Psalms 51:3-6, 12-17
2 Corinthians 5:20-6:2
Matthew 6:1-6, 16-18
It’s Ash Wednesday, today, and I now begin the Lenten season with the rest of the Church. It is time that I return to my Lord, our God.
You are merciful to all, O Lord, / and despise nothing that you have made. / You overlook people’s sins, to bring them to repentance, / and you spare them, for you are the Lord our God. (Wisdom 11:24-27)
My confession two weeks ago was a milestone. The Holy Spirit encouraged me to share the Good News. He changed my fruitless obsession to an obsession for the Word of God. In just a little over a week, I can already feel a change in my soul. Reading the Holy Scriptures and reflecting on the Word of God, focusing on what His Word means for me right now in my life is profoundly affecting me. I can feel my soul reach out to Him. I pray that I will continue these Reflections on Scripture. I pray that the Holy Spirit will sustain my efforts to be close to God. “Cast me not out from your presence, and your Holy Spirit take not from me. Give me back the joy of your salvation, and a willing spirit sustain in me” (Psalms 51:11-12).
The one major thing I’d like to sacrifice this Lenten season is my addiction to Netflix. For 40 days and 40 nights, I will not log on to Netflix to watch any movie or show. I’ve been very addicted to it lately. I would go on all-night binge viewings several nights out of the week to chase a particular TV series. First it was “Star Trek: Voyager.” Then, it was “Mad Men.” Now, it’s “Battlestar Galactica.” It’ll be good for me. Now, I’ll have more time to think about God.

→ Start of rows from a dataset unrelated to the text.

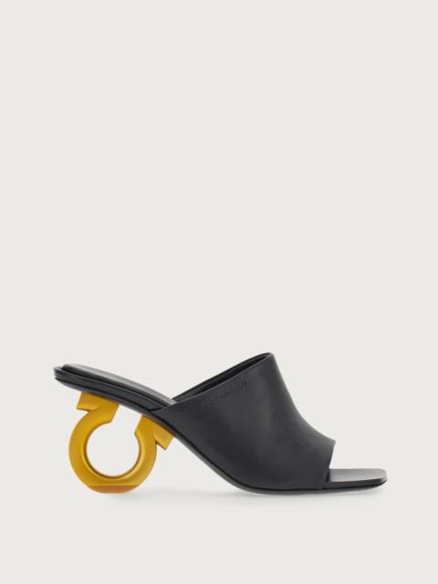 These soft nappa leather sliders feature a minimal construction on the upper and an original sculptural heel. The Gancini silhouette has been transformed into a graphic detail that supports the foot, complete with matte, golden finish. - Composition: lambskin nappa - Made in ITALY - Product code: 01F969 761944
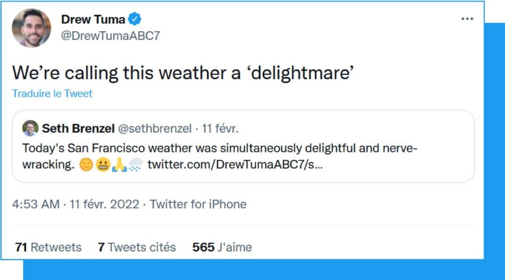 Sur les réseaux sociaux, les internautes ne savent plus s’ils doivent profiter du beau temps ou s’inquiéter de ces températures anormales. Le météorologue de la chaîne de télévision locale KGO-TV, Drew Tuma, a inventé le terme de « delightmare » (« delight » et « nightmare », soit un cauchemar délicieux) pour qualifier la situation.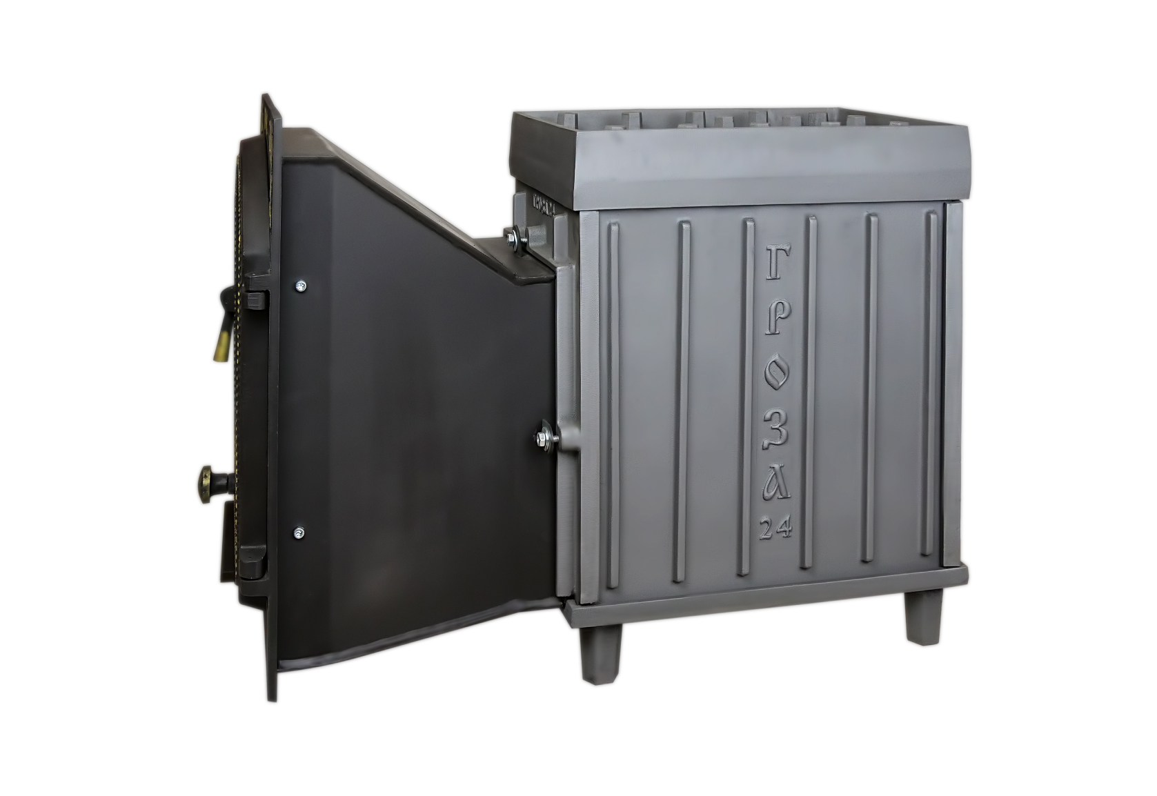 Чугунные банные печи ТМ «Гроза» — это современные печи, рассчитанные на малые и средние размеры парных. Печь имеет прочную сборную конструкцию, без резьбовых и сварных соединений, детали выполнены из легированного чугуна. Топка печей «Гроза» состоит из двух камер, разделенных пламегасителем. Радиаторные выступы каменки, направленные вглубь топки, увеличивают площадь контакта огня с каменкой и эффективность теплосъема. Для увеличения площади поверхности нагрева камней каменка снаружи оборудована чугунными шипами, направленными вверх. Между шипами укладываются банные камни или дополнительные чугунные заклады, такие как ядра и чугунные шишки. Сами чугунные шипы также являются частью заряда для лучшего испарения воды.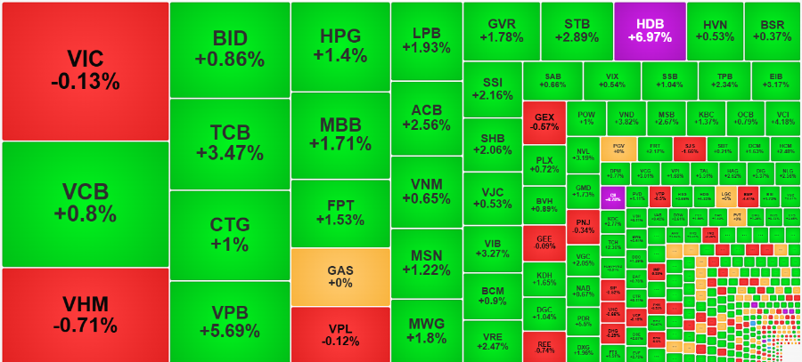 Nhóm ngân hàng là tâm điểm của phiên, khi toàn bộ cổ phiếu trong rổ VN30 đều đảo chiều tích cực so với giá buổi sáng. HDB bật kịch trần, phục hồi tới 6,97% với thanh khoản cao nhất trong 12 phiên. VPB tăng 6,4%, TCB cộng thêm 4,16%, trong khi CTG và BID cũng chuyển từ giảm sang tăng. Các mã lớn khác như VCB, STB hay VIB đều ghi nhận diễn biến tương tự. Nhờ đó, cổ phiếu ngân hàng chiếm 7/10 vị trí dẫn dắt chỉ số hôm nay.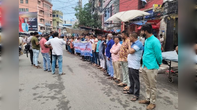 রাজশাহী বরেন্দ্র প্রেসক্লাবের সভাপতি রেজাউল করিমের ওপর ন্যাক্কারজনক ও সশ'স্ত্র হামলার প্রতিবাদে উত্তাল হয়ে উঠেছে রাজশাহী। হামলার ঘটনায় জড়িত চিহ্নিত আসামিদের দ্রুত গ্রেপ্তার ও দৃ'ষ্টান্তমূলক শাস্তির দাবিতে মহানগরীর সাহেববাজার জিরো পয়েন্টে বিশাল মানববন্ধন ও বিক্ষোভ সমাবেশ অনুষ্ঠিত হয়েছে। শনিবার (২৮ মার্চ) সকাল ১১টায় আয়োজিত এই কর্মসূচিতে রাজশাহীর বিভিন্ন সাংবাদিক সংগঠনের নেতাকর্মী ও সাধারণ সংবাদকর্মীরা স্বতঃস্ফূর্তভাবে অংশ নিয়ে সংহতি প্রকাশ করেন।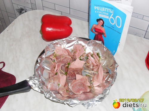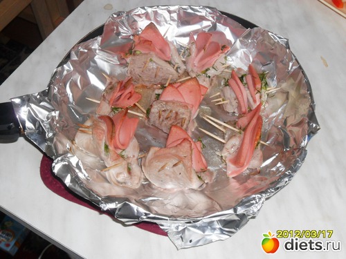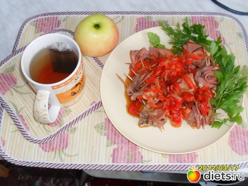 Обед: свиные рулеты с колбасой, чай без сахара, яблоко. Рулетики по книге миримановой, очень вкусные, даю рецепт.. слюни бежали, еле 12 часов дождалась..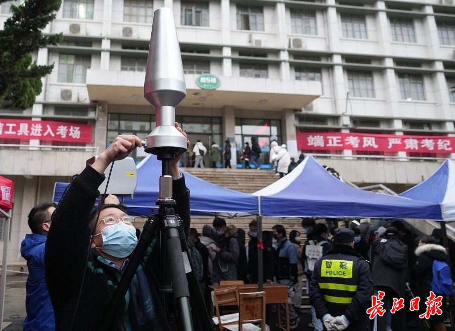 开考前,工作人员在必赢线路检测中心考场外架设监测设备。 记者何晓刚 通讯员吴珊 国光和 摄

The second reading today particularly struck me: “We are ambassadors for Christ, as if God were appealing through us” (2 Cor 5:20). I’m so eager to become “Minister-Counselor” within the Foreign Service. Why is it more important for me to reach ambassador-rank for the United States than it is to be an ambassador for the Kingdom of God? It’s because I love the world; and I risk being an enemy of God. If I ever reach the Senior Foreign Service, it will be by the grace of God, not by my own efforts. But if I try very hard to become minister-counselor, at the expense of my health, my family, my colleagues and the greater community, then I would be in danger of being blind to God’s will. I should seek first God’s will; and I’m confident that, at this moment, His will isn’t for me to sacrifice my talents to become a minister-counselor. He wants me to put my talents elsewhere. I can always hope that a minister-counselor will be a by-product… haha.
“When you give alms, do not let your left hand know what your right hand is doing, so that your almsgiving may be secret. And your Father who sees in secret will repay you” (Matthew 6:3-4). This is a good thing to remember as I grow in charity.